Top of Data to use

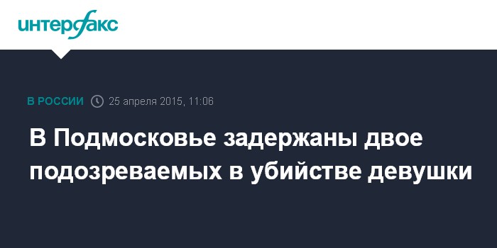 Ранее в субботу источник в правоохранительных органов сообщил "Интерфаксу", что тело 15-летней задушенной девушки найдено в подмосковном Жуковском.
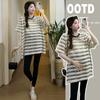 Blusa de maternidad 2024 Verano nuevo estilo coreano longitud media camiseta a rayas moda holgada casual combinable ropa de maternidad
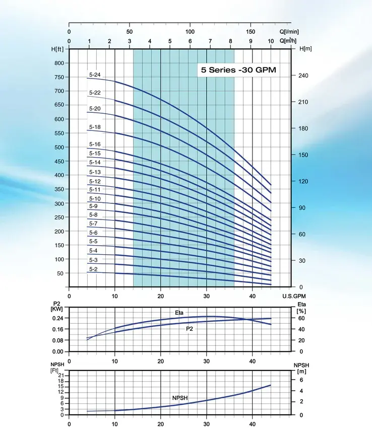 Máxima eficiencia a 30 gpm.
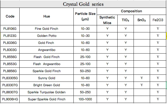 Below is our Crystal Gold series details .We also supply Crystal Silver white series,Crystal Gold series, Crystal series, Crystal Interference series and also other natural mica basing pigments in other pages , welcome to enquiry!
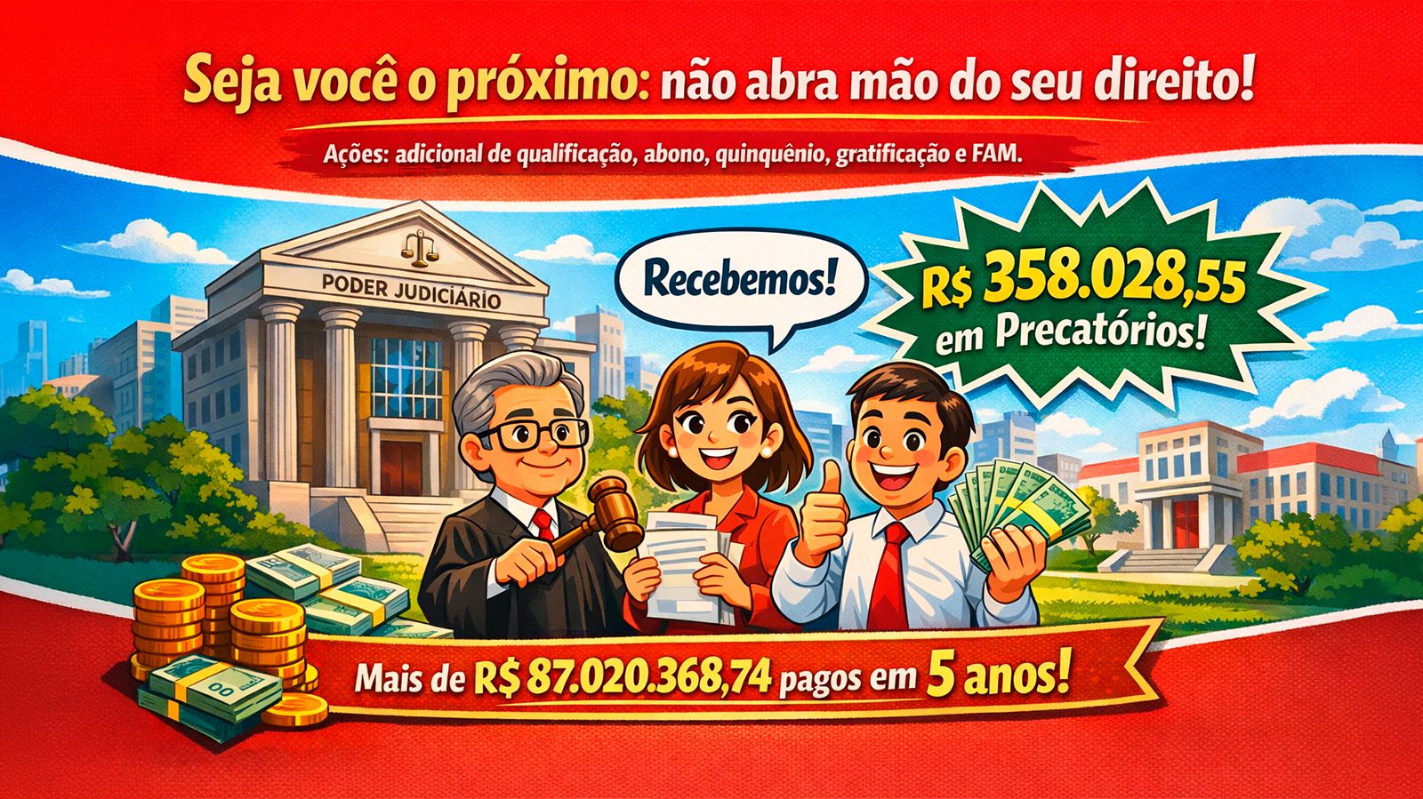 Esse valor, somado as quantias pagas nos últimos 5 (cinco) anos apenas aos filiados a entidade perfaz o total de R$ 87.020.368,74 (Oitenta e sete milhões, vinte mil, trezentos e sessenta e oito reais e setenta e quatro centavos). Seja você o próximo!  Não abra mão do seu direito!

Bottom of Data to use
Top of Data to use

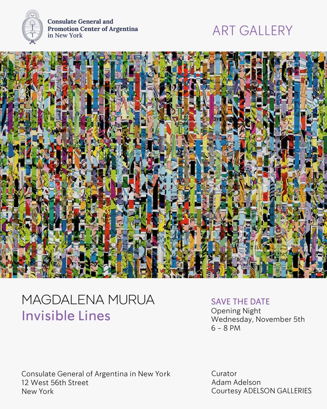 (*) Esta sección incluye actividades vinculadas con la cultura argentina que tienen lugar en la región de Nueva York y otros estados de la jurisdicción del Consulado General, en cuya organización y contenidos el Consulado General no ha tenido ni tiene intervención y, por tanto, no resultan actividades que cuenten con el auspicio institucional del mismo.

Bottom of Data to use
Top of Data to use

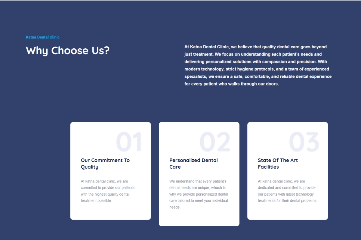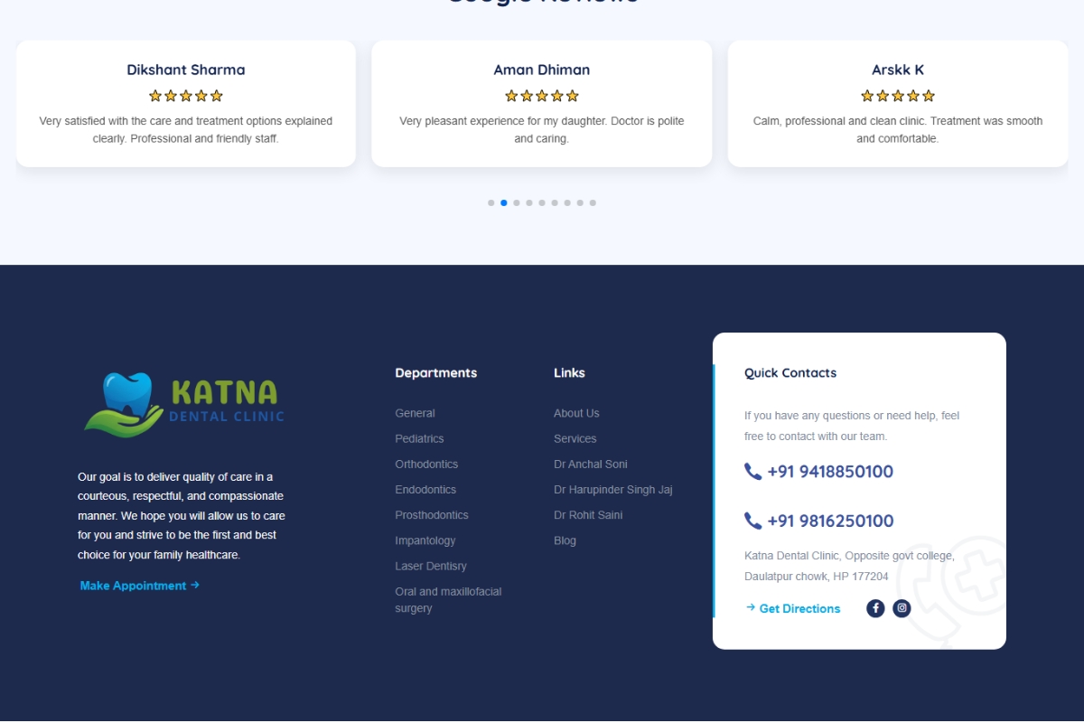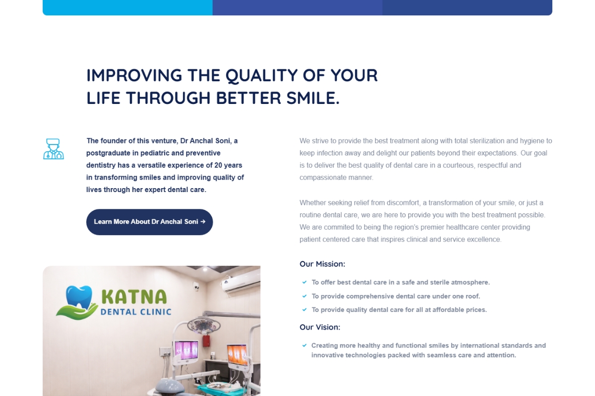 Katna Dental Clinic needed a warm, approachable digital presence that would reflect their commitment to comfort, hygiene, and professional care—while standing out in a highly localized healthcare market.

Bottom of Data to use

Using the entries above, repeat exactly the lines from the one with "Ранее в субботу" to the one with "Esse valor, somado", both included, and leave the pictures behind.

[Final answer]
 Ранее в субботу источник в правоохранительных органов сообщил "Интерфаксу", что тело 15-летней задушенной девушки найдено в подмосковном Жуковском.
 Blusa de maternidad 2024 Verano nuevo estilo coreano longitud media camiseta a rayas moda holgada casual combinable ropa de maternidad
 Máxima eficiencia a 30 gpm.
 Below is our Crystal Gold series details .We also supply Crystal Silver white series,Crystal Gold series, Crystal series, Crystal Interference series and also other natural mica basing pigments in other pages , welcome to enquiry!
 Esse valor, somado as quantias pagas nos últimos 5 (cinco) anos apenas aos filiados a entidade perfaz o total de R$ 87.020.368,74 (Oitenta e sete milhões, vinte mil, trezentos e sessenta e oito reais e setenta e quatro centavos). Seja você o próximo!  Não abra mão do seu direito!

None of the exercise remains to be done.